For businesses with hundreds or thousands of laptops, desktops and servers running CrowdStrike’s security software, an individual human may have to perform that process over and over and over again.

“You can’t automate that,” said Kevin Beaumont, a security researcher and former Microsoft threat analyst, in a post on X. “So this is going to be incredibly painful for CrowdStrike customers.”

It gets worse.

Organizations that take security seriously will have likely encrypted their computers’ hard drives, making it even more challenging to access the file that needs to be deleted.

For those organizations, “you need to manually decrypt the disk with a BitLocker Recovery Key, which is probably — for most companies — stored digitally on one of the servers that is currently booting over and over,” said Ira Bailey, a security researcher, in a post on BlueSky.

Every affected computer that is BitLocker-encrypted will need to be unlocked with a recovery key before organizations can begin the process of deleting the bad CrowdStrike file and restoring normal operation, said the cybersecurity expert who goes by the pseudonymous handle SwiftOnSecurity in a post on X.

Recovery will be enormously expensive for Fortune 500 companies with large teams of IT staff and likely even more challenging for smaller firms, Kenn White, an independent security researcher who specializes in network security, told CNN.

“If you don’t have physical staff that can actually touch it, this is going to take many, many days for much of corporate America to recover from,” White said. “It’s just a ton of labor-intensive manual work.”

“It’s a fairly complicated procedure for non-technical people,” White added, “and even a lot of skilled IT professionals will find it difficult to do this at the scale that’s going to be required given the number of machines that are affected.”

How did the CrowdStrike bug lead to such widespread effects?

Because CrowdStrike’s security software is running on countless individual computers all around the globe, the update that got pushed to those devices caused them all to shut down, virtually simultaneously.

And in today’s networked economy, an outage in one part of a supply chain can cause domino effects up and down the line. When multiple parts of a supply chain go down, it touches off a cascade of problems.

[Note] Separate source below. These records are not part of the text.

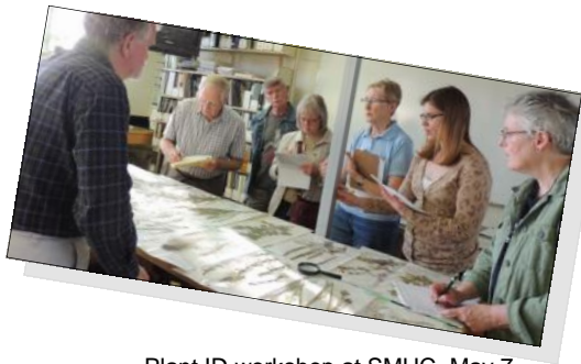
Plant ID workshop at SMUC, May 7.

Between April and October, 13 volunteers contributed approximately 160 hours to recording and photo-documenting 120 plant species in the Lafarge Meadows area. A summary report was produced as well as an online plant image library the public can use to brush up on plant ID skills. Special thanks to Land Stewardship Centre, Glenbow Ranch Park Foundation, Cows & Fish, St. Mary's University College and Tannas Conservation Services for supporting this pilot project.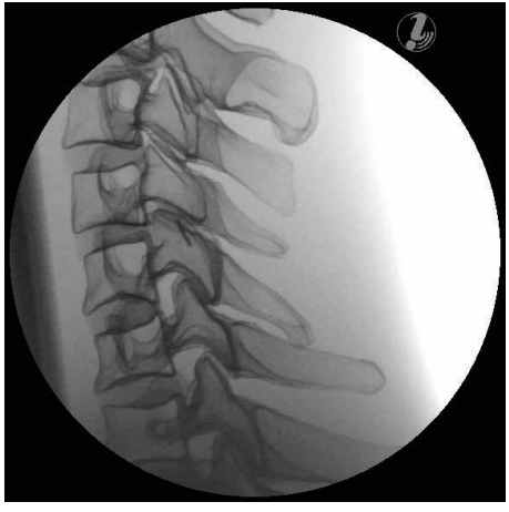
Intraarticular facet from lateral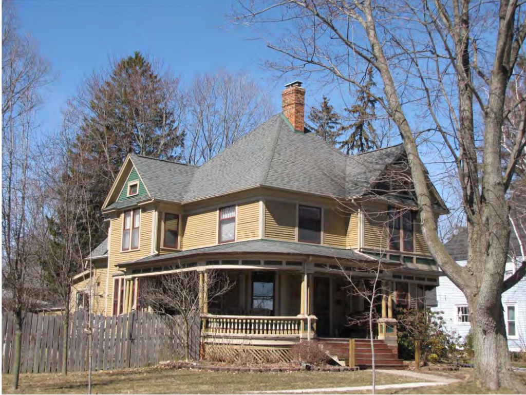
High 121_Looking Northwest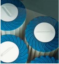
100% Filtration SilentFlo Circulation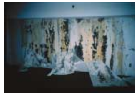
Figure 1. Water damage and fungal growth in a room with wallpaper stripped from walls.

Laboratory evaluation. Because there are currently no useful biological monitoring techniques to assess exposure to mycotoxins, we conducted a pilot serologic evaluation using a test under development to identify specific IgG and IgM antibodies to roridin (a trichothecene mycotoxin known to be produced by several different fungi including Stachybotrys species). Trichothecene mycotoxins are potent irritants and may act as haptens, which bind constitutive proteins exerting an immune response similar to what has been described for other xenobiotics. De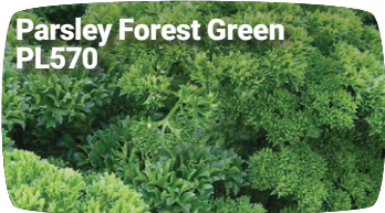
Parsley Forest Green PL570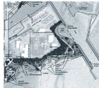
Figure 19a: Design of a more naturalized shoreline and beach area.

In addition to the surge mitigation solutions and potential scenarios for marina development, the City wishes to maximize their legal domain granted them along the Lake Michigan shoreline located between the Lighthouse Inn and the existing harbor entrance south jetty. An agreement between the City of Two Rivers and the Wisconsin DNR gives the City the right to place fill on the lakebed to a defined bulkhead line provided the use of the fill is for public recreational and/or marina related purposes. A suggested solution to stabilize that reach of shoreline and enhance both ecological value and recreational user benefit is shown in Figure 19. This solution is similar to the shoreline restoration work recently completed for Concordia University in Mequon, Wisconsin (Figure 19), integrating a naturalized shoreline and beach with robust erosion resistance. Secondly it can be designed to retain drifting sand that may otherwise be lost off-shore and eventually deposited into the harbor entrance (requiring maintenance dredging).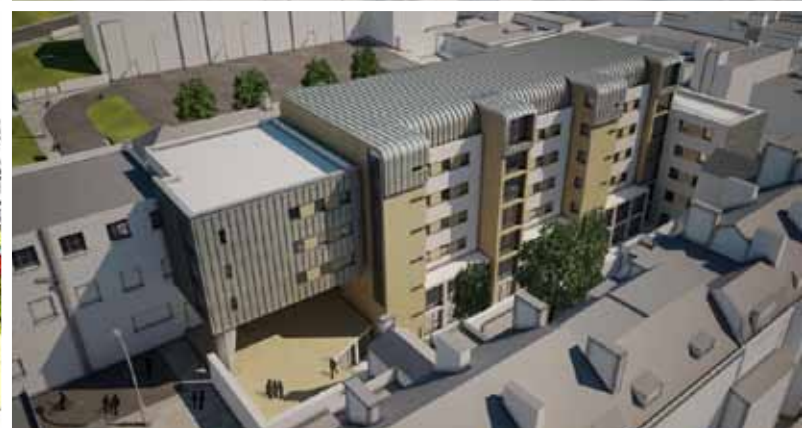
Sussex Place - Student halls development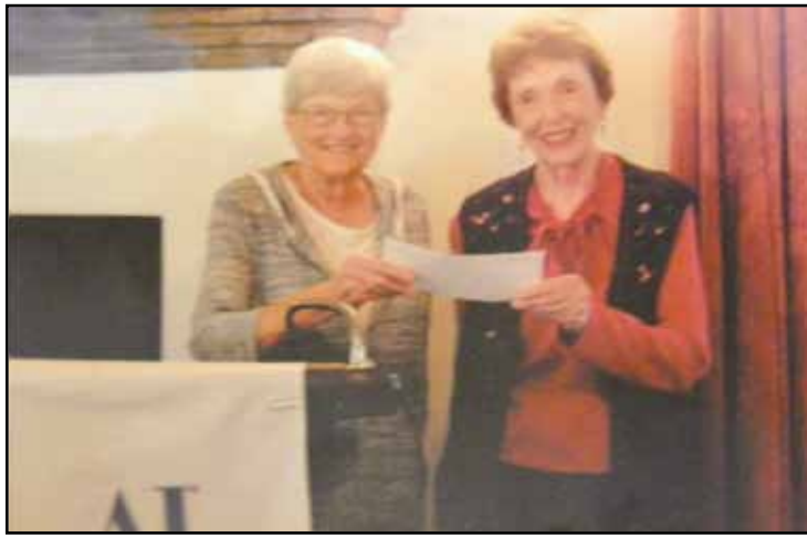
The Assistance League of Downey received a $5,000 grant from Southern California Edison in support of the Assistance League's Operation School Bell program, which provides clothing to at-need Downey students in partnership with Kohl's.

"It's what every team strives for at the beginning of the year and fortunately through hard work, great development, great team chemistry, great support from the parents, the year-long journey culminated with a state cup championship win," the team's coaches said.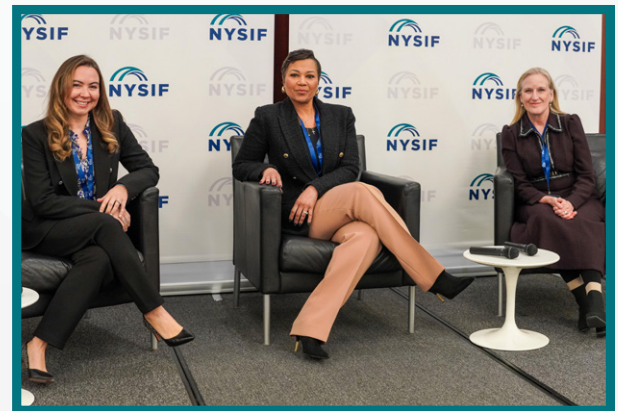
The “ How Open Are You to Innovate Non-conventional Investment Platforms? ” panel covered building relationships and creating pathways to opportunity for MWBE-certified businesses.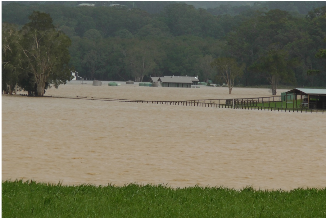
Photo 3 – Wooyung Road looking south towards toilets, Quaker hay shed and camping area (31 March 2017)

Taking into account previous concerns raised by NSW Police (with regard to the inability to evacuate the site within 8 hours), and the rapid rise of the floodwater as evidenced by the stream gauges (shown below in Figure 1), concerns are raised with regard to the proponent’s responsibility to ensure the safety of patrons, should a cultural event occur at the same time as a large flooding event.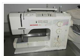
5 x BERNINA Model 1011 Sewing Machines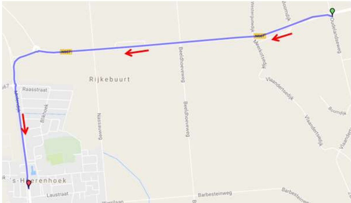
Stage Profile last 3 km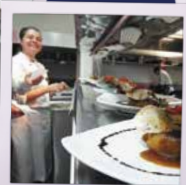
dinner time at PIHMS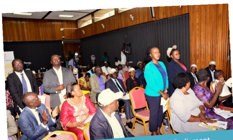
CSBAG team during the launch of the Forum at Parliament

While addressing the audience, the Chairperson of the Forum commended the Civil Society Budget Advocacy Group (CSBAG) for its support, which has so far enabled the forum come this far. CSBAG has been at the center of this process and are excited about this development. For CSBAG it is through such a forum that public finance management in Uganda would be championed. And we hope that various stakeholders can take collaborate and link with this forum for promoting prudent public finance management in Uganda.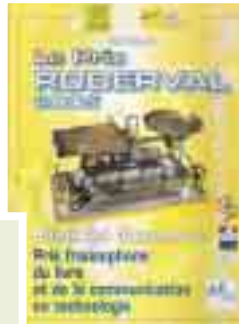
The Roberval prize was founded in 1986 by Compiègne University of Technology.

Out of 355 entries this year (a record), 22 were shortlisted. The Otua CD-ROM was one of four shortlisted in the multimedia category. Awarded annually since its creation in 1986, this prize affords recognition to publications devoted to the presentation of technological knowledge to the layman in four categories: general public, higher education, television, multimedia. More than 200 experts from the world of industry, universities and scientific communication conduct an in-depth examination of each of the submitted works. Any technical inaccuracy is sufficient to reject an entry. For the works selected, shortlisting for this prize is therefore evidence of outstanding quality and attention to detail. For further information: http://prixroberval.utc.fr/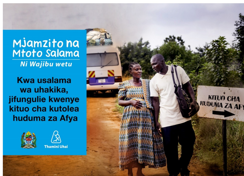
A family planning campaign poster shows a supportive partner escorting a pregnant woman at term to a health facility for delivery and states: “For safety and reliability, please deliver in a health care facility.”

The second programmatic enhancement emerged through a new funding commitment made by Bloomberg Philanthropies to support FP globally. Incorporating FP services was logical given the large unmet need for modern contraceptives and the estimate that eliminating this need could reduce the annual global number of maternal deaths by an additional 27%. 43 The Program supported FP outreach education and distribution services (e.g., FP weeks, service days, integrated FP service delivery) in communities; it also strengthened the provision of high-quality FP services by working with the R/CHMTs to integrate FP into routine services and to expand method choices. This approach ensured that the Program was able to increase demand for FP services while meeting the need of more clients in multiple locations. The Program also strengthened the R/CHMT’s overall capacity to manage FP services through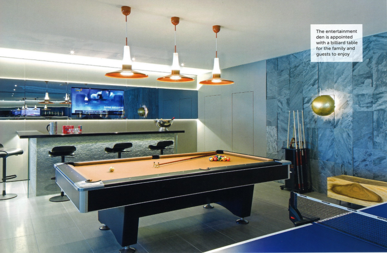
The entertainment den is appointed with a billiard table for the family and guests to enjoy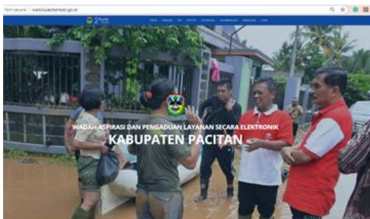
Figure-3. Wadul Website

1) Publications related to news and information about tsunami disasters using internet through website accounts released website by Public Relations with the address http://wadul.pacitankab.go.id/Wadule Pacitan (A Place for Aspirations and Complaints of Secar a Electronic Services) Pacitan Regency as a medium the aspirations and complaints of the electronic service community which in this case is related to the tsunami disaster. The most important point that should be understood that the program wadule in essence a common application that channels the aspirations and public services, with no exception communication tsunami disaster that occurred in 2017.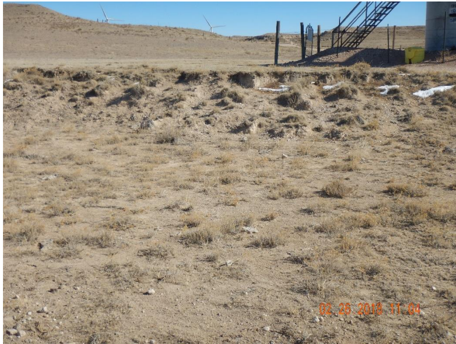
Photo 3: Photo taken from the central area of the location, facing east. Photo shows areas of erosion degradation. Erosion has not been repaired or stabilized and no BMPs have been installed or maintained per corrective actions.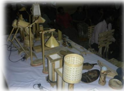
Students display their products during graduation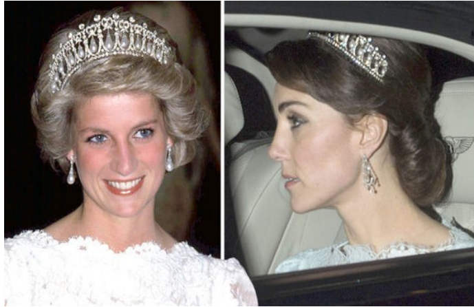
Figure 21: Diana wearing the Cambridge Lover's Knot tiara (left); Catherine wearing the Cambridge Lover's Knot tiara (right) 21

not around, Catherine can be a natural substitute for her mother-in-law, but without the sadness that is apparent throughout of her history. With Catherine, her happy ending is still happening and the royal lineage can continue, which is the importance of royals being photographed.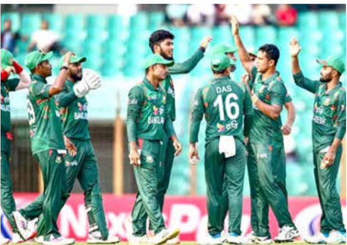
Bangladesh players celebrate during the match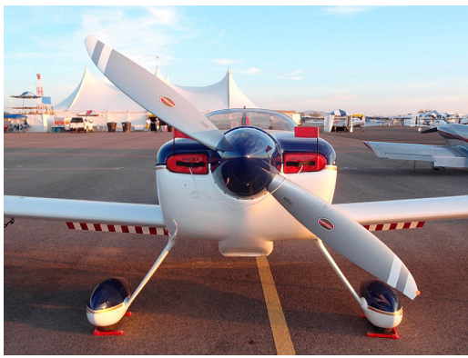
Van's RV-7 Engine Inlet Plugs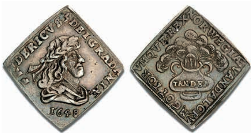
FIGURE 40. Throwing coins from the coronation of Frederik III in 1648. The Royal Danish Collection, Rosenborg Castle.

in 1648. This indicates that he might have been present at the king's coronation in Copenhagen (figure 40). 99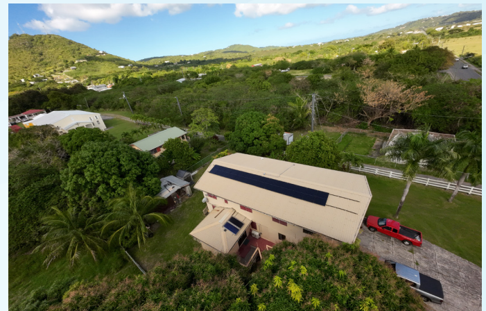
In order to qualify for SPF, applicants had to be bona fide Virgin Islands residents. (Photo by Lasiba Knight).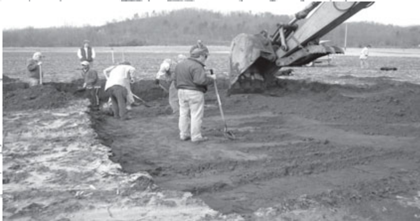
Fig. 2: Removing the plow zone at site 38GR1.

existed. What remained was a number of postholes, oval pits, two possible graves, and a rock-filled hearth that had been dug deep enough by the prehistoric inhabitants to have intruded into lighter colored sediment beneath the area disturbed by the plow zone. In general, the preservation of features at this site is consistent with that exhibited at the Warren Wilson site investigated by Dickens in 1976.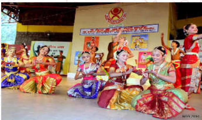
Member children of NBB giving message through various classical dance forms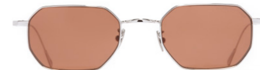
AUSN-0005-50-01 White Gold Rhodium 18K

Each style is paired with solid-coloured ZEISS Sunlens of solid colours, Light Brown, Light Grey, Blue, and Khaki Green.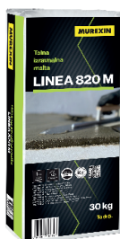
LINEA 820 M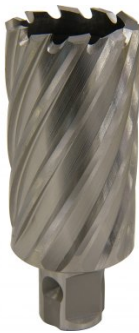
D9574 HSS Drill Broach Cutter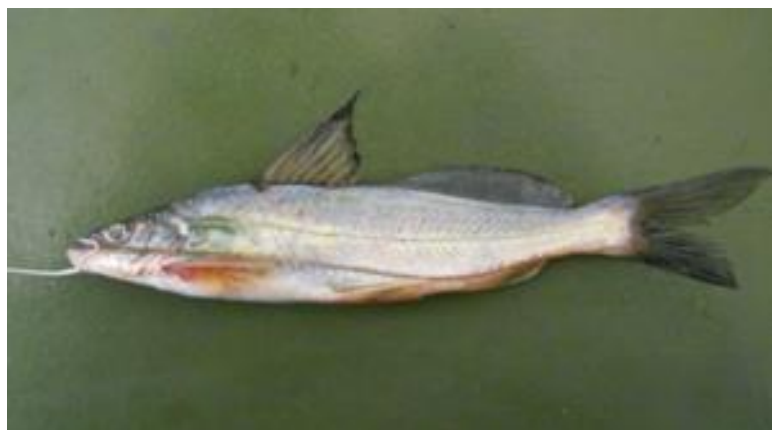
Figure 5. Freshly collected Mystus seengtee , ZSI FF 4936, Mananthavady River, Wayanad, Kerala.

morphometric analysis revealed that the new species differs greatly from these congeners. In Mystus cavasius median longitudinal groove on head shallow, indistinct and white to grayish white (vs. moderately deep, distinct and without a specific colour in the new species), a small black spot present at the base of rayed dorsal fin and on humeral region (vs. no distinct spot at the base of dorsal fin and humeral spot elongated), no spot at caudal base (vs. a triangular brownish black spot present), dorsal spine stronger (vs. weak), anterior part of frontal groove in between eyes shallow (vs. deep), upper caudal lobe markedly longer than lower one (vs. no sharp difference between the two), head shorter (21.4-23.8 % SL vs. 27.1- 27.6) and deeper (64.0- 66.7 % HL vs. 53.1- 62.5), eyes larger (29.2- 30.0 % HL vs. 21.9- 25), base of adipose dorsal fin longer (40.2- 45.6 % SL vs. 34.5- 37.3), body width at anal fin lesser (6.1- 8.0 % SL vs. 10.3- 11.2) and pectoral spine shorter (12.5- 14.9 % SL vs. 16.9-17.2). Hamilton's Mystus differs from the present species in many other morphometric features as shown in Table 1.

Imagine a person trying to buy a coffee, said Andrew Peck, a cybersecurity expert at Loughborough University in the UK. What may seem like a simple transaction relies on multiple computers working in tandem, from the coffee shop’s point of sale to the payment processor’s own back-end systems.

“There are a lot of computers in this chain, and usually the larger the business, the larger the chain,” Peck said. “If any one of the computers are down in the chain, the transaction will not complete.”

Now scale that up to something like the massive aviation industry, the critical financial services sector or the life-or-death operations of a health care provider, and the scope of the disaster becomes starkly clear.

What is Microsoft’s role in all this?

A separate issue earlier, on Thursday, did lead to significant impacts on many of Microsoft’s own cloud customers, but it was resolved overnight and was unrelated to the CrowdStrike issue, multiple cybersecurity experts said.

The CrowdStrike bug may have initially been conflated with the Microsoft issue because CrowdStrike’s error affected only Windows machines.

“Both are Microsoft-related, but Microsoft had nothing to do with the second incident,” White told CNN.

That appears to be supported by Microsoft’s own status account on X, which on Thursday announced an issue affecting “Microsoft 365 apps and services” and a separate announcement Friday addressing the CrowdStrike outage. The two issues are being tracked using different reference numbers.

As of Friday morning, Microsoft said the issue with Microsoft 365 had been resolved and that the situation was improving. Microsoft didn’t immediately respond to a request for comment.

Since the update to CrowdStrike’s software was delivered by the company’s own systems, it appears unlikely that Microsoft bears direct responsibility for Friday’s outages, said Beaumont, who said he reviewed a copy of CrowdStrike’s flawed update.

The problem with CrowdStrike’s update was that it wasn’t formatted correctly “and causes Windows to crash every time,” Beaumont posted on X.